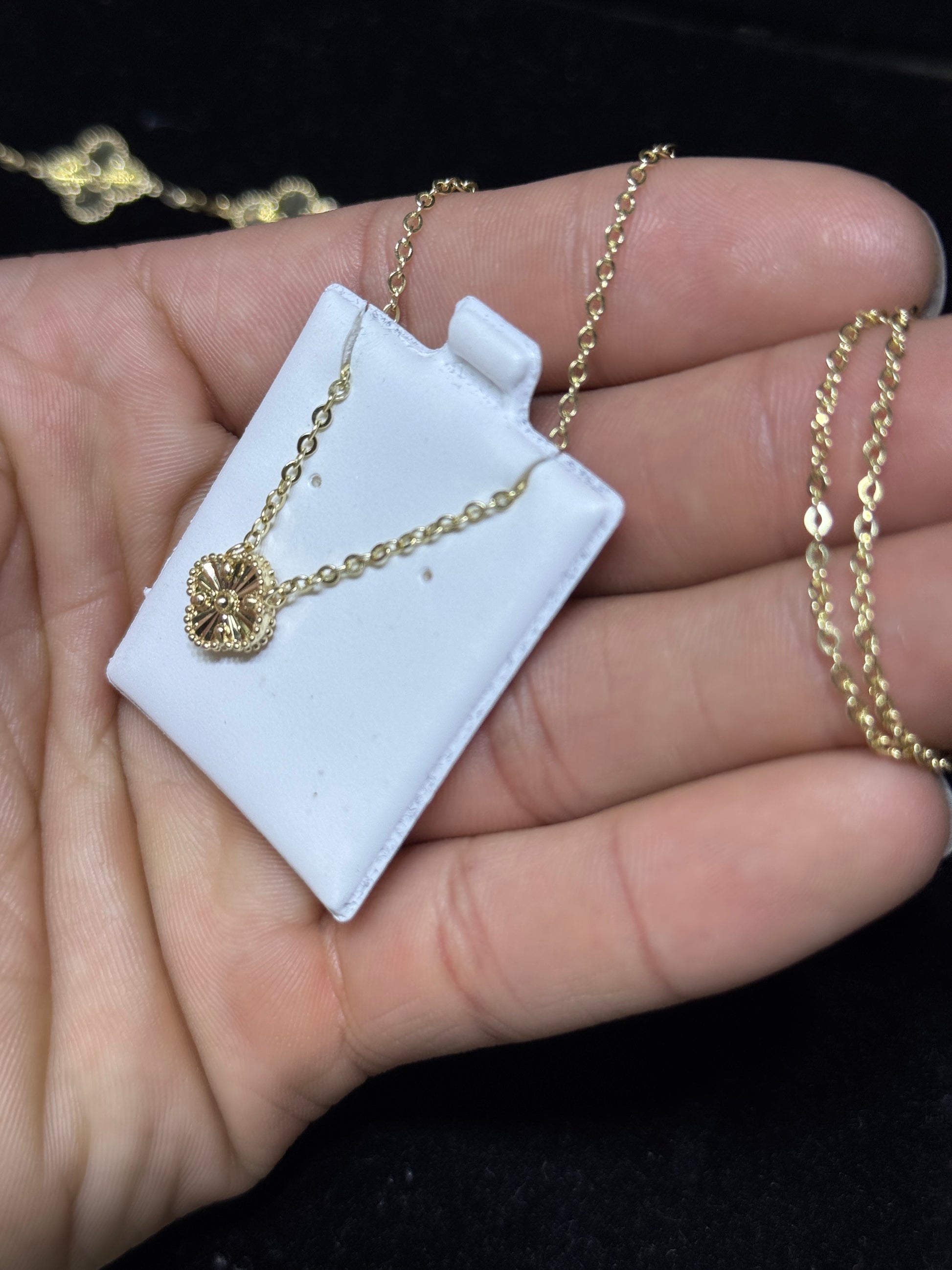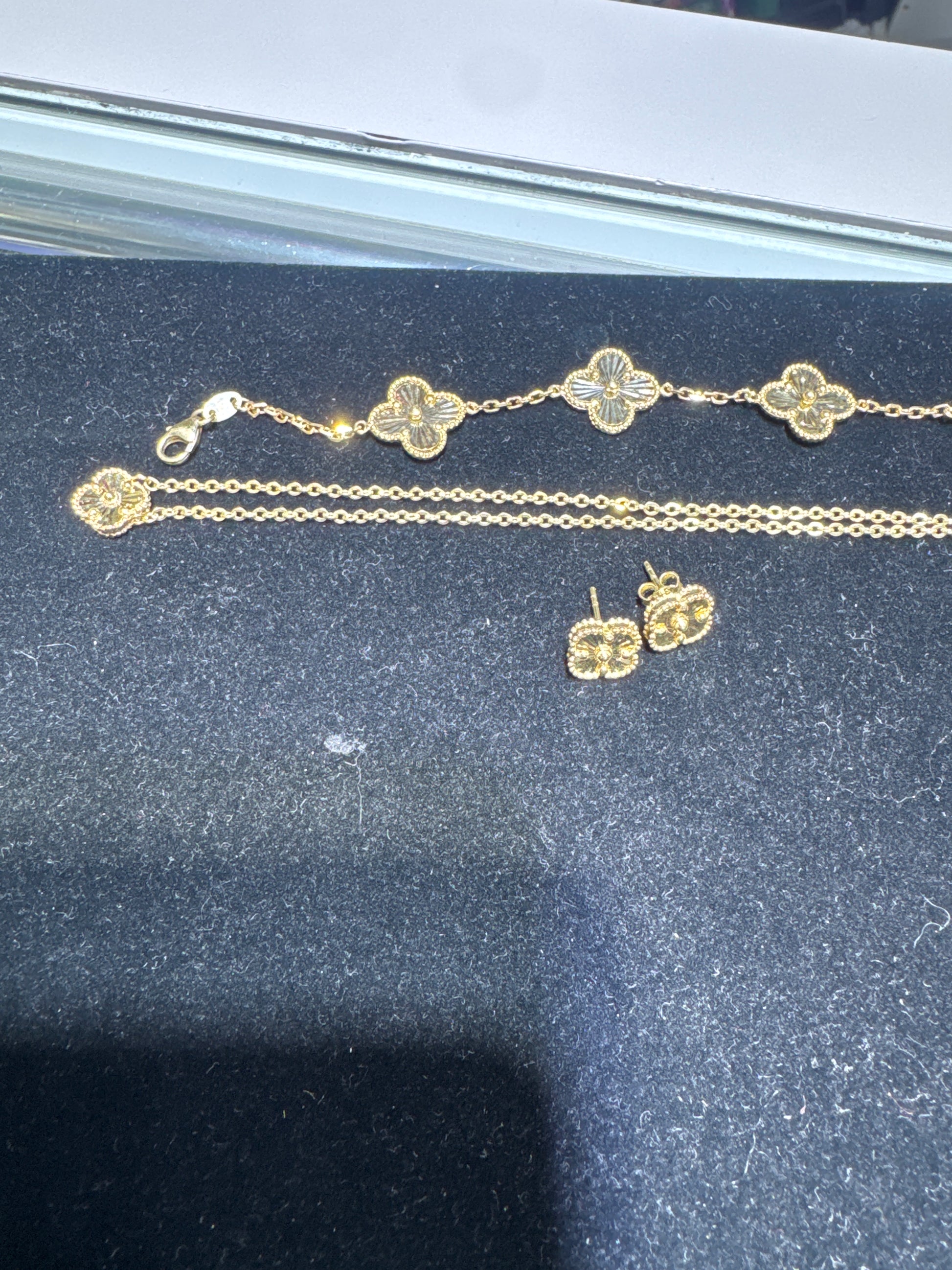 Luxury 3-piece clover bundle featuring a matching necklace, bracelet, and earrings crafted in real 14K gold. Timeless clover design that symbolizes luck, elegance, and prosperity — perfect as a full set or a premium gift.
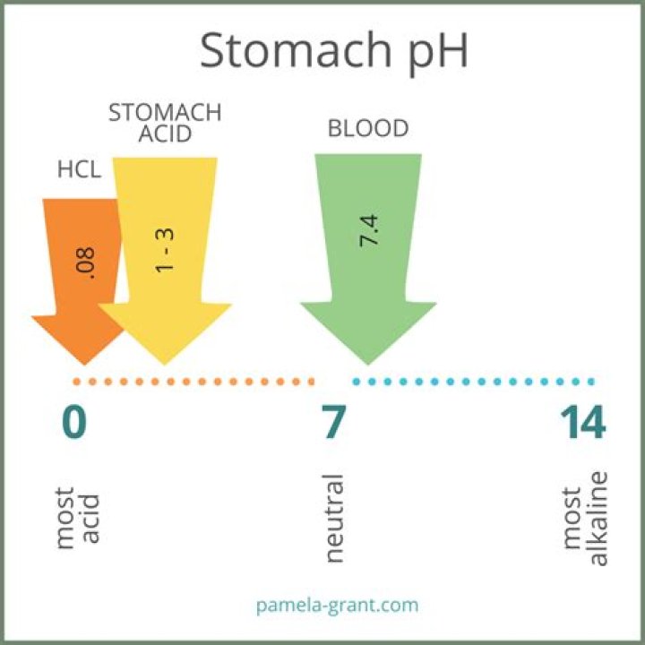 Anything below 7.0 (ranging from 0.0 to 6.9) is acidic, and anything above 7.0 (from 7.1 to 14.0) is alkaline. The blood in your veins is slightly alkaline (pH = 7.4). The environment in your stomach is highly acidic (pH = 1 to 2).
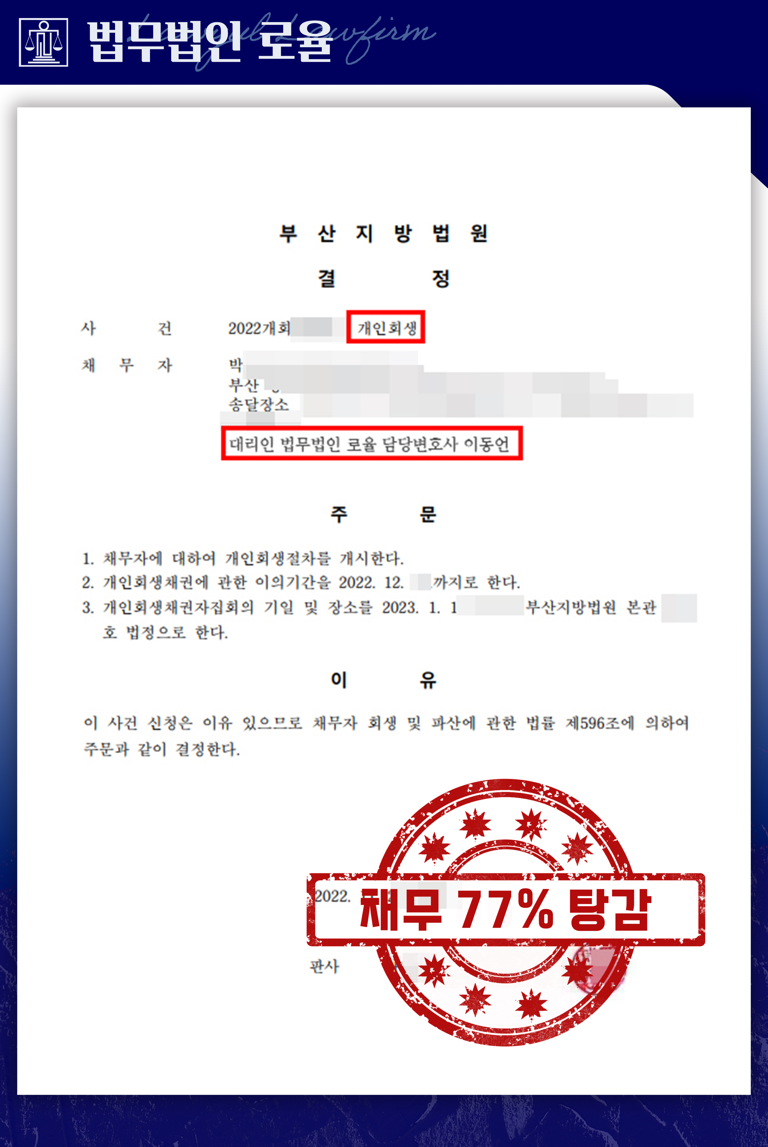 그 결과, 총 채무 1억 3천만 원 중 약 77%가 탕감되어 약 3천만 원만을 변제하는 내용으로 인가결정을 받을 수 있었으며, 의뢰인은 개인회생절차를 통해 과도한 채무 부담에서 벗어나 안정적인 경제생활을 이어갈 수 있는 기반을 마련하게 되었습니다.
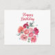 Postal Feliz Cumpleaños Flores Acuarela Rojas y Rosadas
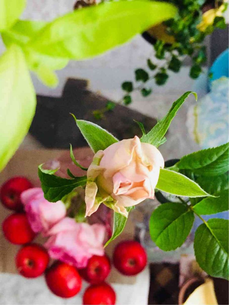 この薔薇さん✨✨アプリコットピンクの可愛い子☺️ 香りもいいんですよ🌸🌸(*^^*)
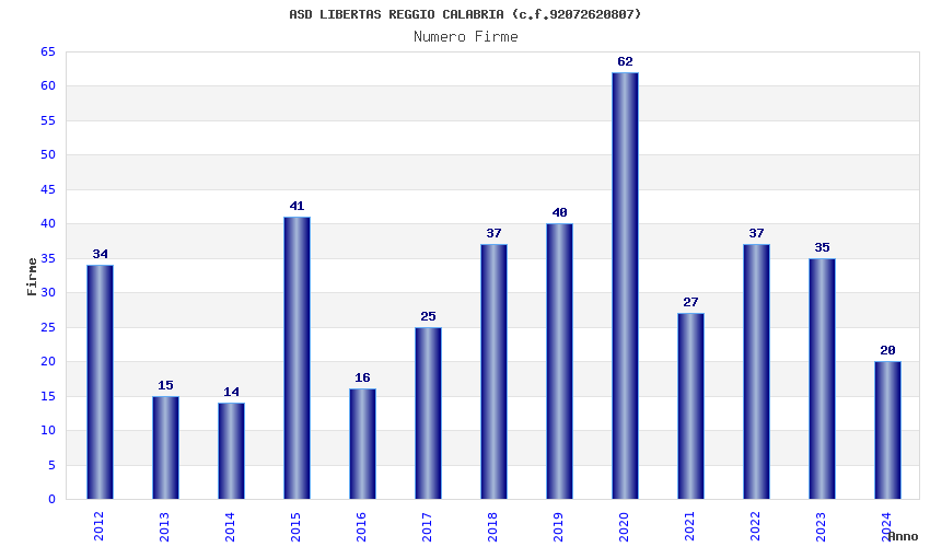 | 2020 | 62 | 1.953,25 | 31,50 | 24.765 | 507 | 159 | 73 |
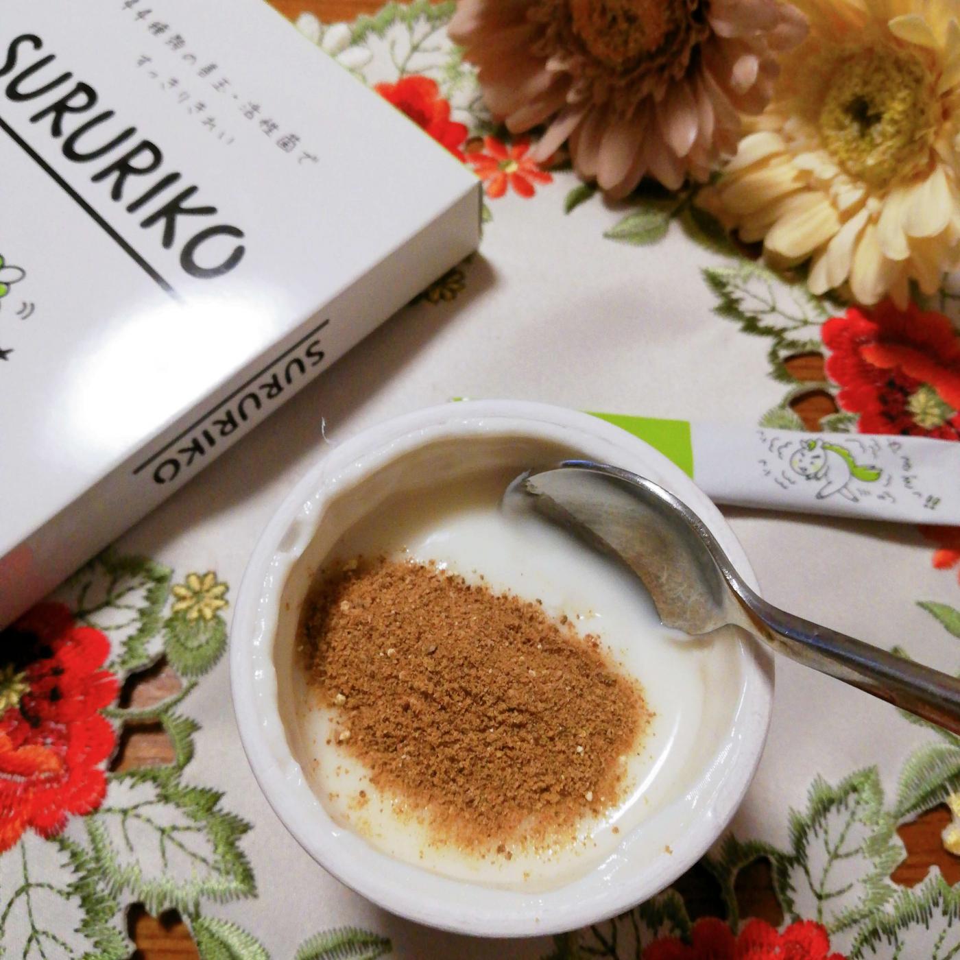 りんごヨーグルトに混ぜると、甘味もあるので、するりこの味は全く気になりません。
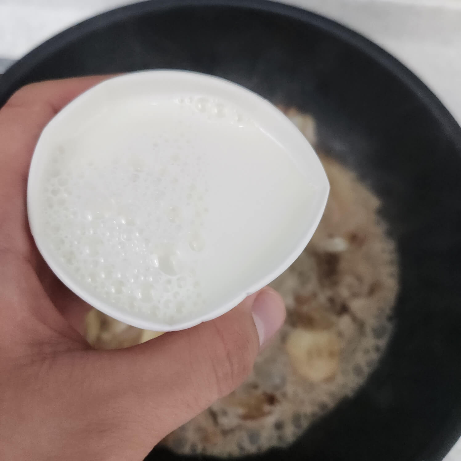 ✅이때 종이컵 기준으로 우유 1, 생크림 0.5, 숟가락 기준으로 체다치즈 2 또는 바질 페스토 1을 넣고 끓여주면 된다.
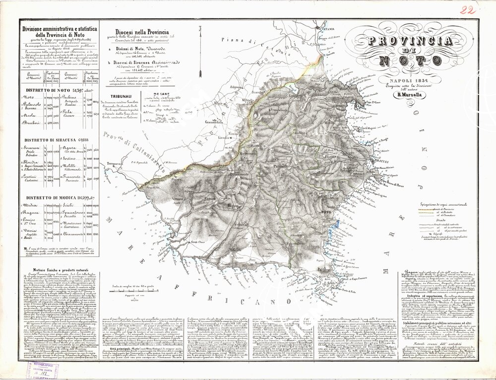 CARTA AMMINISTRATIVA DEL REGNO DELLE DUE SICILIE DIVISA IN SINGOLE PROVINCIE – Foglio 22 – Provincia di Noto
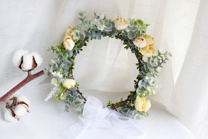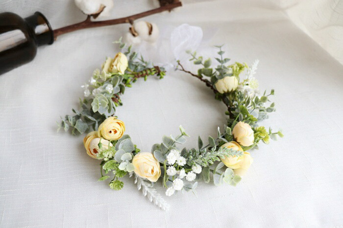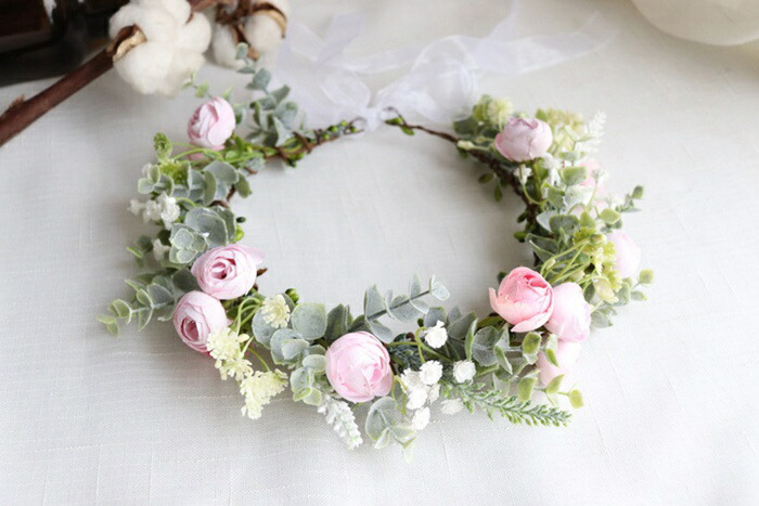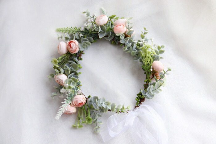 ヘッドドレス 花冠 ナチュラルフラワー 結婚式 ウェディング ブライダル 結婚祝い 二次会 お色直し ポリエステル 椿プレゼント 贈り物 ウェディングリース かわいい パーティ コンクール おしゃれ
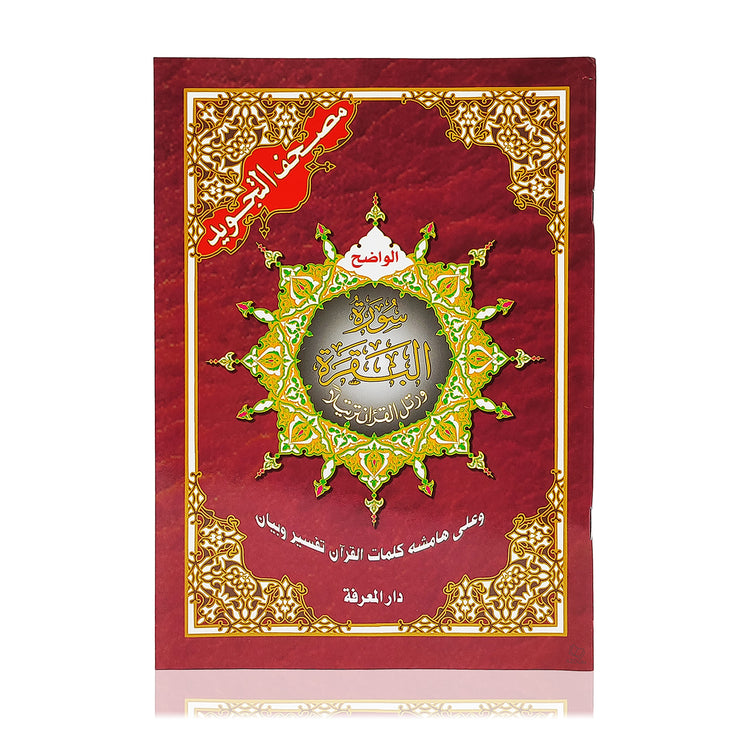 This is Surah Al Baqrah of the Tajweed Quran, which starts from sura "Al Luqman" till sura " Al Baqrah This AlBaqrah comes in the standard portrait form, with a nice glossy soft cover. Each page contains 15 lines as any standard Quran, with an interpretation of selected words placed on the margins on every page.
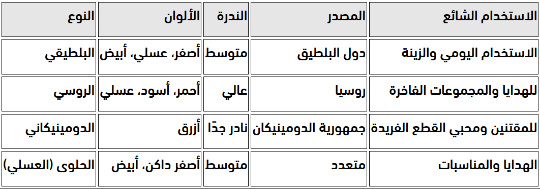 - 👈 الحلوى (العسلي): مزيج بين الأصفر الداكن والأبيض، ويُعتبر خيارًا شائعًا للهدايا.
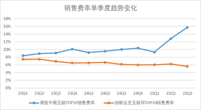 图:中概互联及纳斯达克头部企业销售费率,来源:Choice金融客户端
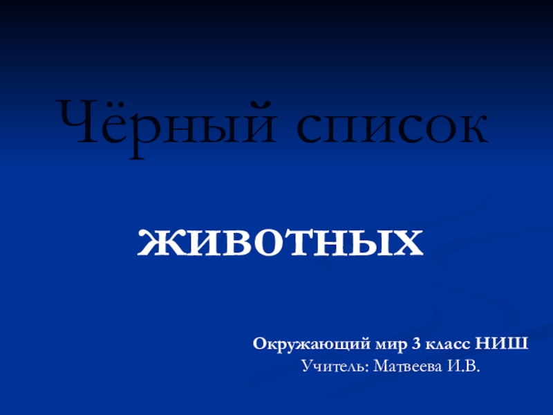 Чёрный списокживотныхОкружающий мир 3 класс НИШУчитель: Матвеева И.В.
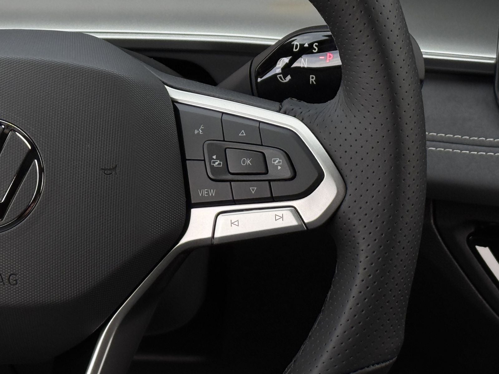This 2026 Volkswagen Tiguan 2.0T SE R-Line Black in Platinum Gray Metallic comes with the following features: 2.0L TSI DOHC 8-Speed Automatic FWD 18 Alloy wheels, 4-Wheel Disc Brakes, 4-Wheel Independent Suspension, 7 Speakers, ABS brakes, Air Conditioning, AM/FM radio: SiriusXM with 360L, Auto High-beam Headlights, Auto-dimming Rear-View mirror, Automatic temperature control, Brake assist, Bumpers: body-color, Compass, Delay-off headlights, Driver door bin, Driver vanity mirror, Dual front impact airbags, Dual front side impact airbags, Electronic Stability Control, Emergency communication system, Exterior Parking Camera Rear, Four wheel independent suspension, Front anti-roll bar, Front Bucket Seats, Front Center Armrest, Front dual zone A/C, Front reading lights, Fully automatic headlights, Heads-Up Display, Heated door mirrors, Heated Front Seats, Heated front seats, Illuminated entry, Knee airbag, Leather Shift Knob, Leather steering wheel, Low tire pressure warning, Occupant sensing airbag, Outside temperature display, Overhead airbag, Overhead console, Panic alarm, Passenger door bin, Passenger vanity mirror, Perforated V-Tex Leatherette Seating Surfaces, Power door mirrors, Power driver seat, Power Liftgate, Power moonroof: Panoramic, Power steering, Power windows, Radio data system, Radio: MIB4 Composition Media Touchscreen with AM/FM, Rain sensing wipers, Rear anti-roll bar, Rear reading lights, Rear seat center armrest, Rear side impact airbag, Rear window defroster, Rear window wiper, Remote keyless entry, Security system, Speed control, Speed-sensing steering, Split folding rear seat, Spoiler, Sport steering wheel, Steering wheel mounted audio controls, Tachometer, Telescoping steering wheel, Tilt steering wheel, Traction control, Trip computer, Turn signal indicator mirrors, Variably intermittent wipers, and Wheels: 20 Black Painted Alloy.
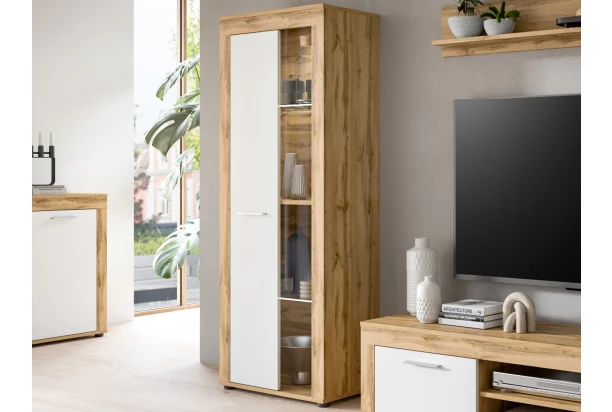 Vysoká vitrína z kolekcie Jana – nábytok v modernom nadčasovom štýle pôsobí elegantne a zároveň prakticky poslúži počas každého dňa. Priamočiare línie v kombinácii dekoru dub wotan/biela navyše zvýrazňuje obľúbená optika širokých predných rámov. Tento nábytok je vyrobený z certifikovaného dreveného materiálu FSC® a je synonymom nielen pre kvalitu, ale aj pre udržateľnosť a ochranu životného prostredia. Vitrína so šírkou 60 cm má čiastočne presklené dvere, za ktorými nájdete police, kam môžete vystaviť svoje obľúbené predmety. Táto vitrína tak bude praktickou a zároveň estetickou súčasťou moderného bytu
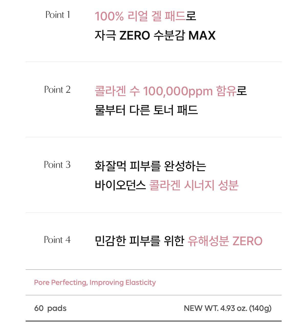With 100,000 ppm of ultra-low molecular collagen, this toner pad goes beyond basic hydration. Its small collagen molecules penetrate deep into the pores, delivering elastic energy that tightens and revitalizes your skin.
***
Requirement: Print exactly the lines above that run from the one with "CARTA AMMINISTRATIVA DEL" down to the one with "Чёрный списокживотныхОкружающий мир", and omit the pictures.

Reply to the exercise:
 CARTA AMMINISTRATIVA DEL REGNO DELLE DUE SICILIE DIVISA IN SINGOLE PROVINCIE – Foglio 22 – Provincia di Noto
 ヘッドドレス 花冠 ナチュラルフラワー 結婚式 ウェディング ブライダル 結婚祝い 二次会 お色直し ポリエステル 椿プレゼント 贈り物 ウェディングリース かわいい パーティ コンクール おしゃれ
 This is Surah Al Baqrah of the Tajweed Quran, which starts from sura "Al Luqman" till sura " Al Baqrah This AlBaqrah comes in the standard portrait form, with a nice glossy soft cover. Each page contains 15 lines as any standard Quran, with an interpretation of selected words placed on the margins on every page.
 - 👈 الحلوى (العسلي): مزيج بين الأصفر الداكن والأبيض، ويُعتبر خيارًا شائعًا للهدايا.
 图:中概互联及纳斯达克头部企业销售费率,来源:Choice金融客户端
 Чёрный списокживотныхОкружающий мир 3 класс НИШУчитель: Матвеева И.В.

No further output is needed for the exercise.